Perhaps Miller was describing the onset of Alzheimer's, a disease not yet common in the medical community, much less to the public. Willy's oft-repeated exclamation, "The woods are burning," tells the story of a frantic man, befuddled and seeking a solution for his pain. A pain he does not name but still recognizes as he wanders in and out of reality, confused and tormented by his past, choices he made and opportunities he did not recognize.
After the success of "Twelve Angry Men" with KB Productions, Kusler started looking for another memorable role for the last couple of years."
"I wasn't able to come up with something so I called my son who works for Paramount Pictures in California. He is into theater and said that he thought a good role for me would be Willy Lohman in 'Death of a Salesman,'" Kusler said. "I can empathize with Willy; he's trying to live the American dream, but he's going about it in the wrong way. He is frustrated in his ideals; his sons did not turn out the way he thought they would. I just feel for the guy. This is a guy who is losing it and his only salvation is trying to live through his son Biff again.
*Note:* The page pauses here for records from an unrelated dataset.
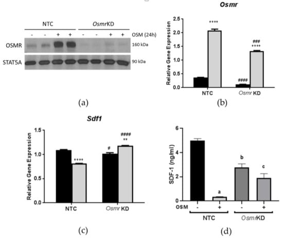 Oncostatin M receptor (OSMR) is required for Sdf1 suppression in adipocytes. Fully-differentiated 3T3-L1 adipocytes were transfected with siOsmr or a non-targeted control siRNA; 48 h after transfection, cells were exposed to 0.5 nM OSM for 24 h. Gene expression was then analyzed and expression levels were normalized to a numerical average of three housekeeping genes (Ppia, Ubb, and Nono). (a,b) Efficiency of OSMR knockdown. (c) The suppressive effect of OSM on Sdf1 expression is lost with OSMR silencing. (d) Effects of OSMR knockdown on SDF-1 secretion into culture media. In panels (a,b), black bars = vehicle-treated cells; gray bars = OSM-treated cells. KD = knockdown. ** p < 0.01 and **** p < 0.0001 vs. vehicle controls. # p < 0.05, ## p < 0.01, and #### p < 0.0001 vs. NTC. In panel (d), a = p < 0.001 vs. NTC; b = p < 0.01 vs. NTC; c = p < 0.05 vs. NTC + OSM. This experiment was performed twice.
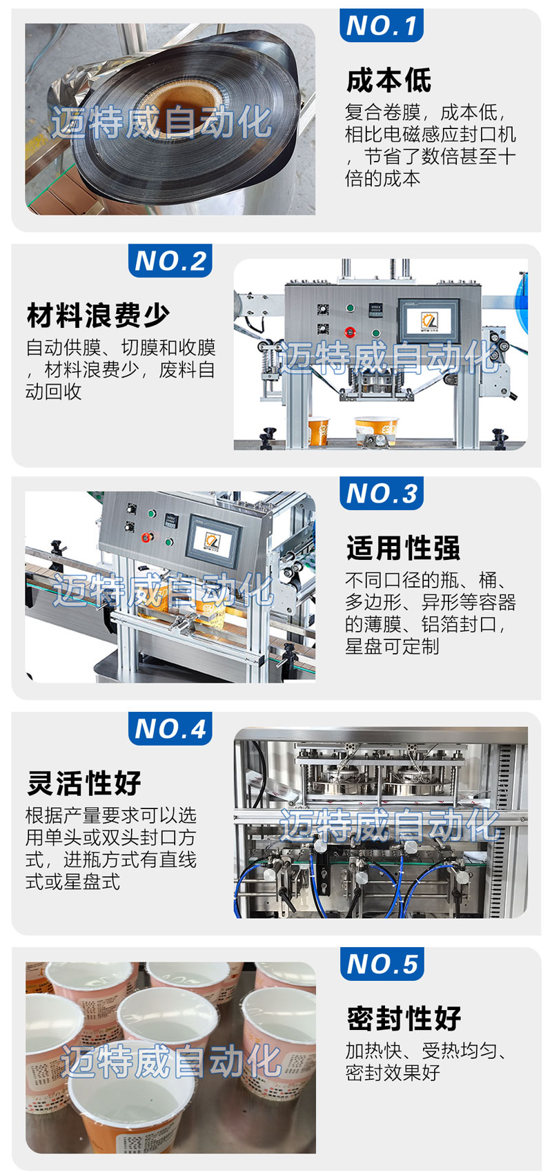 各種塑料圓形、方形、多邊形、異形等容器瓶口的鋁箔熱封口
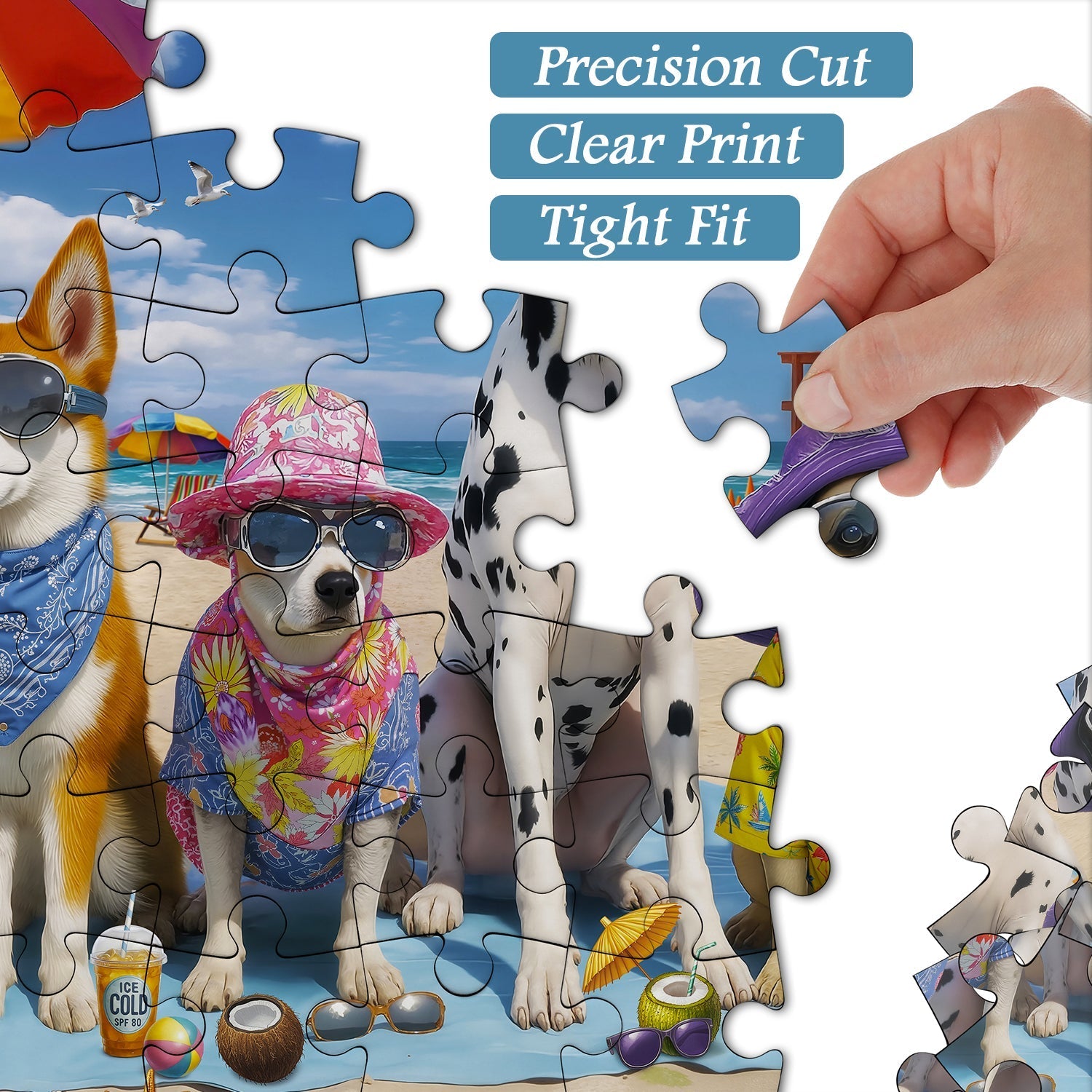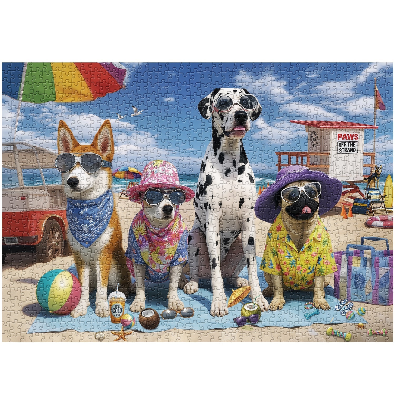 Cadre de plage avec personnages canins: Quatre chiens (un Shiba Inu, un petit métis, un Dalmatien et un Carlin) sont les stars, posés sur une serviette de plage au milieu d'une scène côtière ensoleillée (océan, mouettes et équipement de plage en arrière-plan).
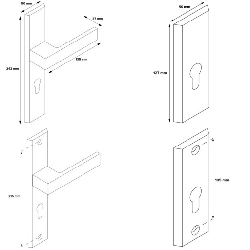 ✅ Otwory montażowe, zarówno klamki jak i szyldu górnego rozmieszczone są uniwersalnie tak, aby umożliwić montaż zestawu z większością zamków stosowanych do drzwi zewnętrznych na polskim rynku
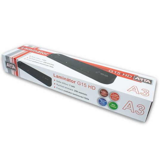Laminátor dokumentov s možnosťou voľby hrúbky laminovacej fólie. Model ARTA G15 HD A3 umožňuje laminovanie dokumentov, ktoré majú maximálnu šírku 330 mm (A3), s fóliami o hrúbke 75 až 250 mikrónov. Doba potrebná na ohrev je len 60 sekúnd. Je ľahko použiteľný, kompaktný a vyznačuje sa prítomnosťou inteligentnej funkcie automatického vypnutia po 30 minútach nečinnosti. Súčasťou je aj možnosť uvoľnenia zaseknutých dokumentov.
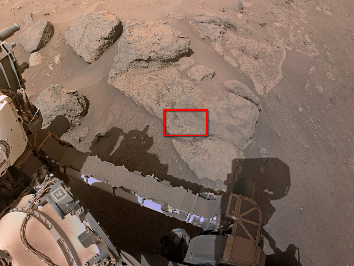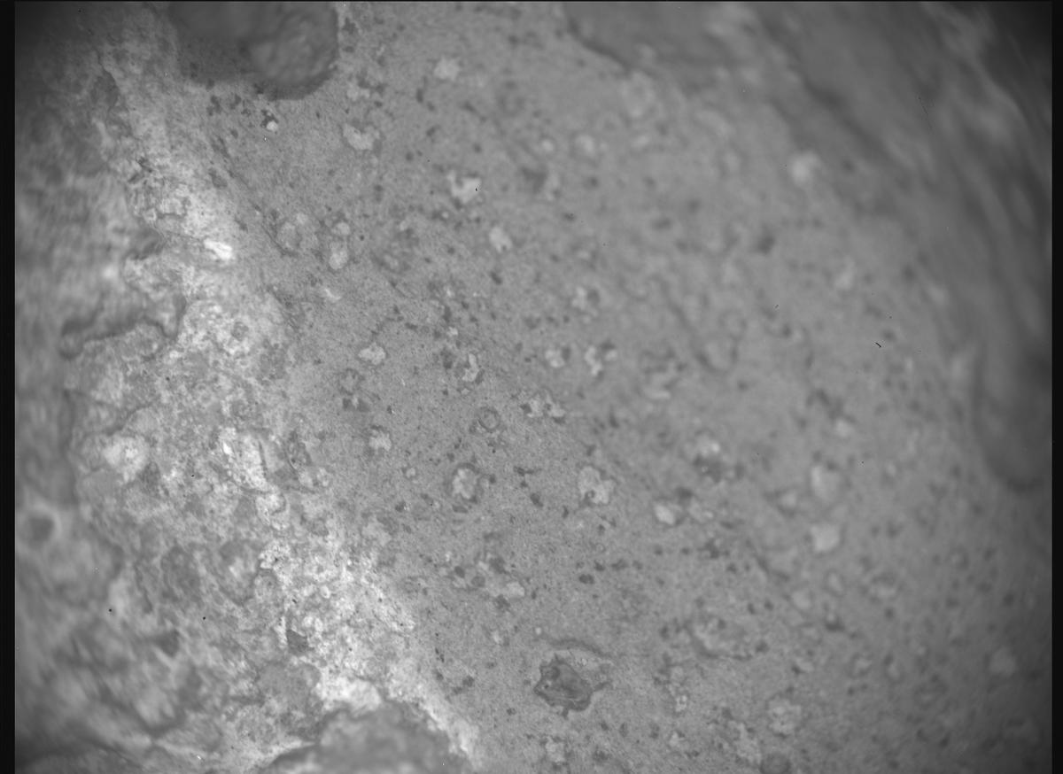 ЦитироватьМарсоход НАСА Perseverance получил это изображение с помощью камеры SHERLOC WATSON, расположенной на турели на конце роботизированной руки марсохода.
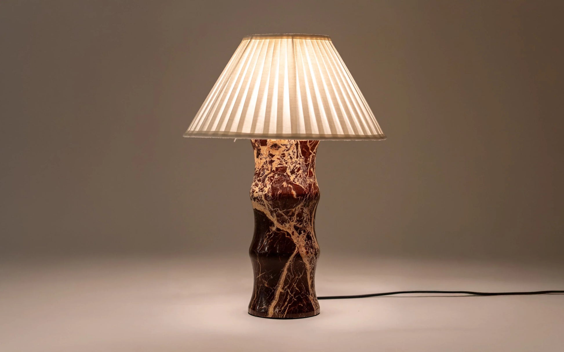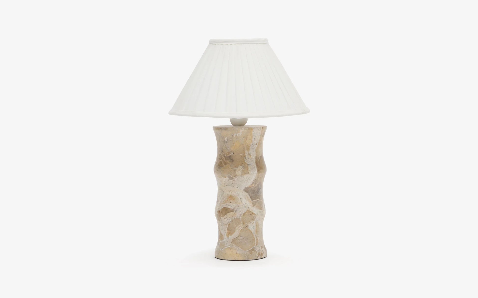 A soft pleated shade meets a carved stone base in the Halo Small Table Lamp. This charming piece brings texture, warmth, and timeless form to layered bedside styling.
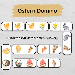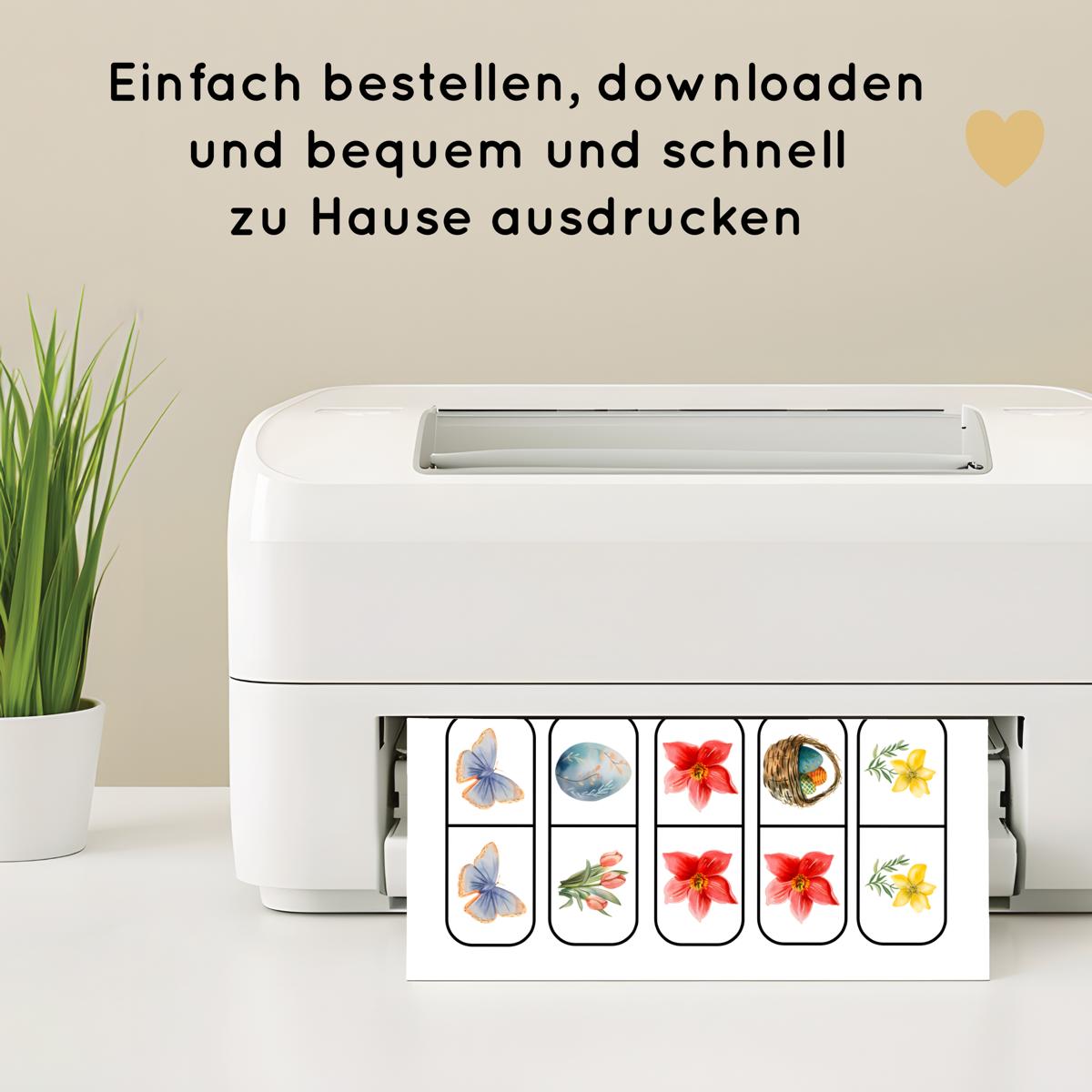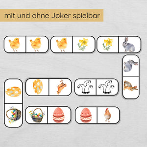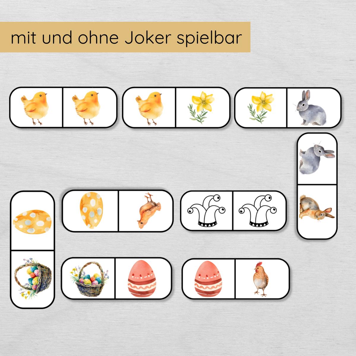 Bringe Abwechslung in die Osterzeit mit diesem farbenfrohen Domino-Spiel! 50 Karten mit Oster- und Frühlingsmotiven sowie 5 Joker sorgen für endlosen Spielspaß. Ob alleine, mit Geschwistern oder der ganzen Familie – das Oster-Domino bietet Unterhaltung und fördert dabei Konzentration und logisches Denken. Einfach ausdrucken und loslegen!
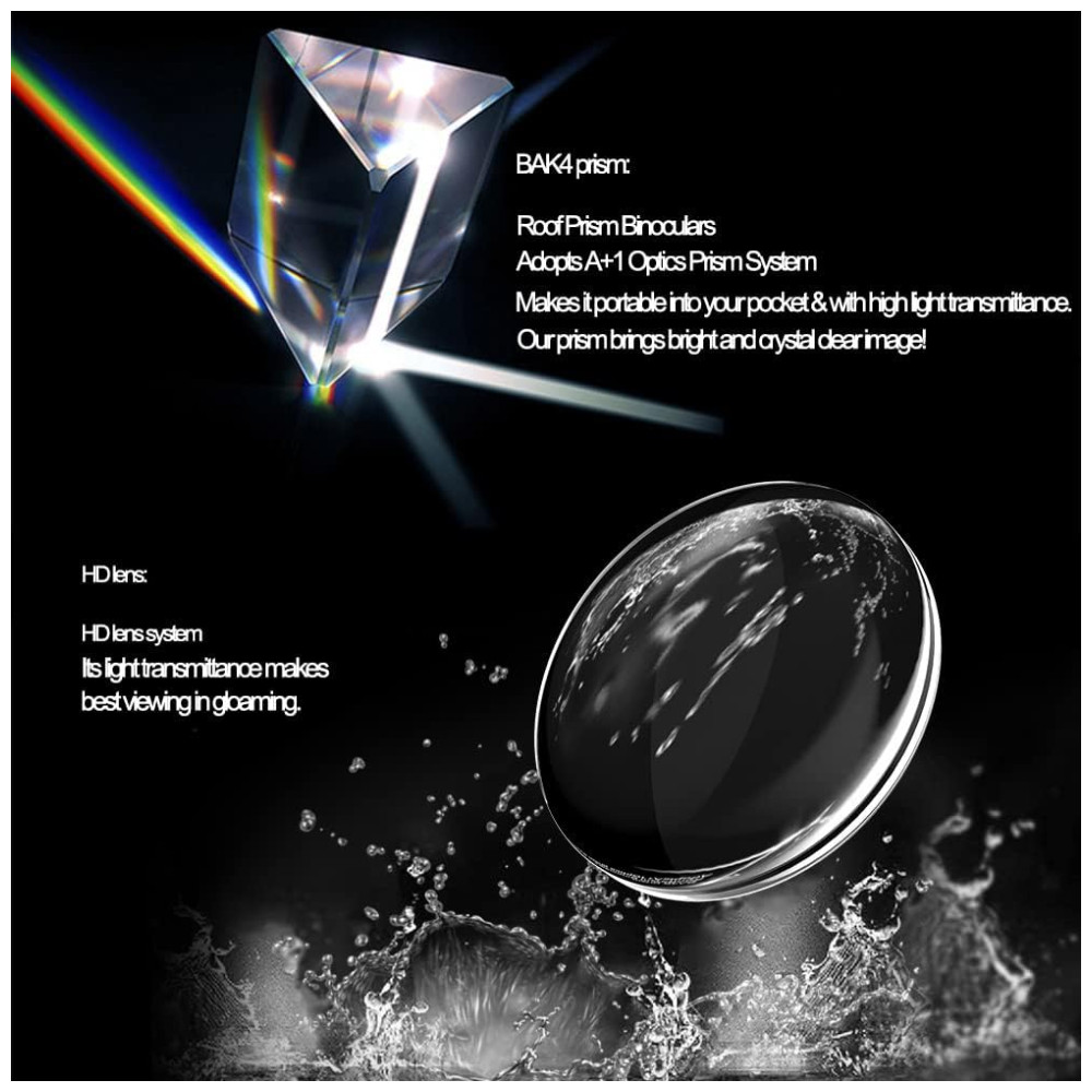 Óptica de alta qualidade e visão noturna clara Este binóculo usa a lente BAK4 FMC, sua lente asférica de filme FMC totalmente multi revestida fornece transmissão de luz, contraste e qualidade superiores. Pode ser à noite, mas não na escuridão total. Adequado para concertos, ópera, passeios turísticos e visualização astronômica.

The other son Happy is minimally involved and Willy throws him a compliment once in awhile."
Ann Cease, as Linda Lohman, has come back to theater after a hiatus of quite a few years based on the fun she had in Saaren's Production of "Side by Side by Sondheim" last fall when the entire Cease family was involved on stage or on the lights (Brett).
"The family dynamic that Arthur Miller has written is amazing. It is not an era I could have lived in, to be a wife who couldn't always tell the truth and who waits on a husband hand and foot," Ann Cease said. "To me it was a challenge to be this kind of an old-fashioned wife who keeps the ball rolling. It is very interesting to me to see how times have changed. My son Brett has been having a difficult time with the way his character refers to women and says things that Brett would never say in real life. On a brighter side, this is the first time I've been on stage with Brett since Bemidji Community Theater's 'Music Man' in 1995."
Next-door neighbor Charley (Charlie Parsons), presumably Willy's best friend, is financially secure and has a son in law school. Willy is no longer bringing home a paycheck because his job is now strictly commission. Willy meets with Charley in the shared backyard to borrow yet another $50, which he promises to pay back, but Charley knows that his friend will never be able to pay him back.
Parson said he was given the role because Gasman "needed a man of some statue and gravitas."
"I usually get cast as sort of an oafish person and this is the first time I've been cast as a heavy," he said. "Charley is the guy in the background, successful and no bull. Willy lives in fantasy; his dreams are so big that he has begun to believe them himself. His kids refer to me as Uncle Charley, I've known them forever, our boys grew up together. I am a successful businessman who paid off his half of the duplex years ago and Willy is a wage slave who has still to make his final payment. My character sees him as delusional and depressed. Something has to change but yet Willy has not yet found a way to 'get out of the woods.'"
The rest of the cast includes Mike Bredon, K.D. Howells, Danielle Macalester, Ramey Nordby, Reed Olson and Danielle Quick, all of whom have been on stage in Bemidji in different productions.
Cheryl Winnett's attention to detail brings viewers into the story. The set is from the post-war era in a somewhat shabby apartment: a pink chenille bedspread, a metal coffee percolator, 1950s-designed dinner plates, a metal flashlight, boxes of stockings, a darning egg in the sewing basket, wooden clothespins in a flowered clothespin holder, a round laundry basket with handles and Willy's beloved seed packets.
The play is not for young children as it deals with marital infidelity, language that would be offensive today, mental deterioration and suicide.